Background: The apolipoprotein E-epsilon4 (APOE-epsilon4) allele is a powerful genetic risk factor for the development of Alzheimer's disease (AD). AD patients who are APOE-epsilon4 homozygotes have an earlier age at onset, increased amyloid burden, and decreased acetylcholine levels--findings that suggest differences in disease severity or rate of progression. Studies of genotype differences in rate of decline, however, have produced negative results that may be due to methodologic biases. The current study examined rate of decline in the largest sample of APOE-genotyped AD patients for whom longitudinal cognitive data have been reported.
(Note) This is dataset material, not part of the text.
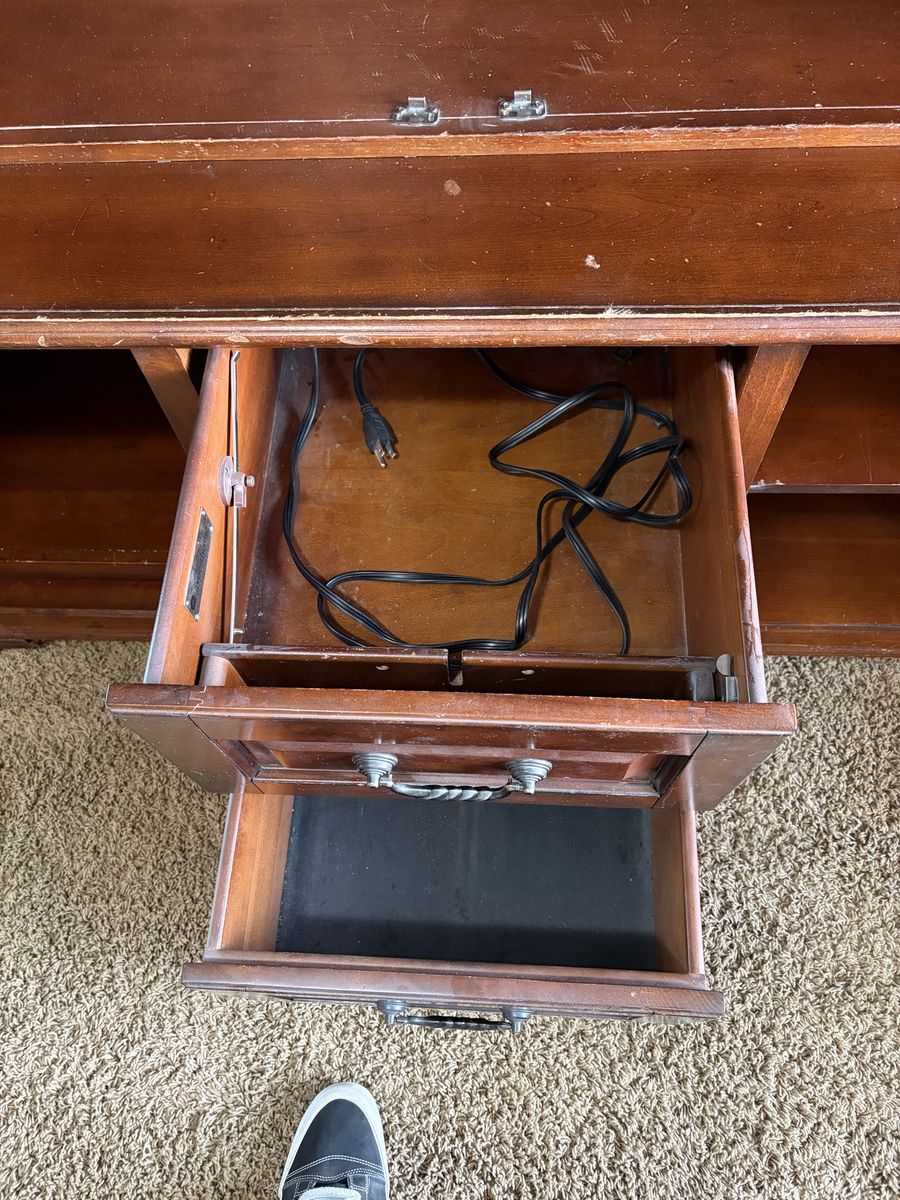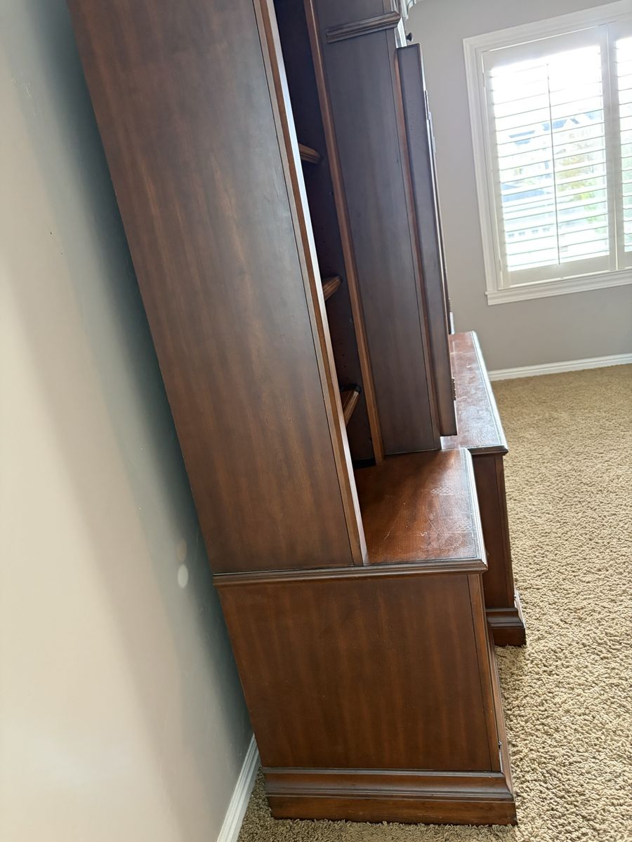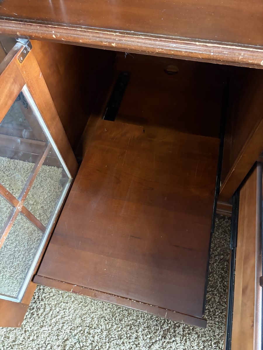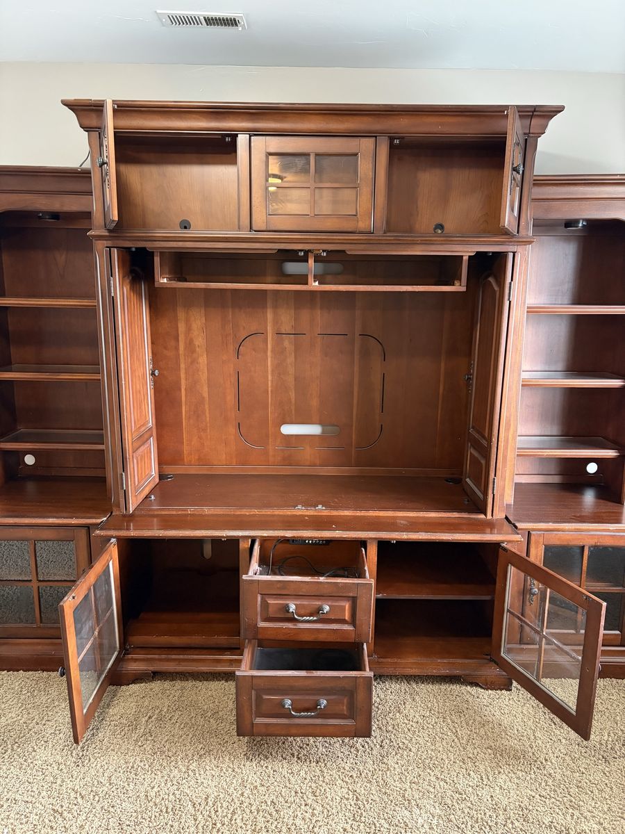 ApplePayGorgeous solid wood entertainment center. 5 glass front doors. Lights in the upper cabinets. Pull out shelves in the bottom cabinets. Doors that can hide the tv when not in use then tuck away on the side. Drawer has outlets and connections to easily plug in gaming systems. It has been well loved and used.

Methods: Newly diagnosed patients with probable AD (n = 201) comprised four genotype groups: epsilon2/3 (n = 14), epsilon3/3 (n = 75), epsilon3/4 (n = 82), and epsilon4/4 (n = 30). The Dementia Rating Scale (DRS) was administered at baseline and then annually for 1 to 6 years (mean, 2.5 years). For each subject, a DRS slope was calculated reflecting annual rate of decline. Rate of decline as measured by DRS slope differed according to genotype, with the effect modified by DRS score (p < 0.014). At the mean DRS score observed in our sample (DRS = 105), the epsilon4/4 group had an increased rate of decline (11.9 points per year) relative to the epsilon2/3 (5.8 points per year; p < 0.003), epsilon3/3 (9.3 points per year; p < 0.076), and epsilon3/4 (9.6 points per year; p < 0.055) groups. At a lower DRS score (DRS = 80), even larger differences were observed among genotypes; the epsilon4/4 group had a increased rate of decline (22.2 points per year) relative to the epsilon2/3 (9.7 points per year; p < 0.0006), epsilon3/4 (15.8 points per year; p < 0.020), and epsilon3/3 (18.2 points per year; p < 0.173) groups. The epsilon2/3 group had a significantly slower rate of decline than all other groups at DRS scores of 80 or 105.
Conclusions: APOE-epsilon4 homozygosity is associated with a faster rate of cognitive decline, whereas the epsilon2 allele slows disease progression. These findings suggest that APOE plays a mechanistic role in the progression of AD, and is not simply related to disease onset.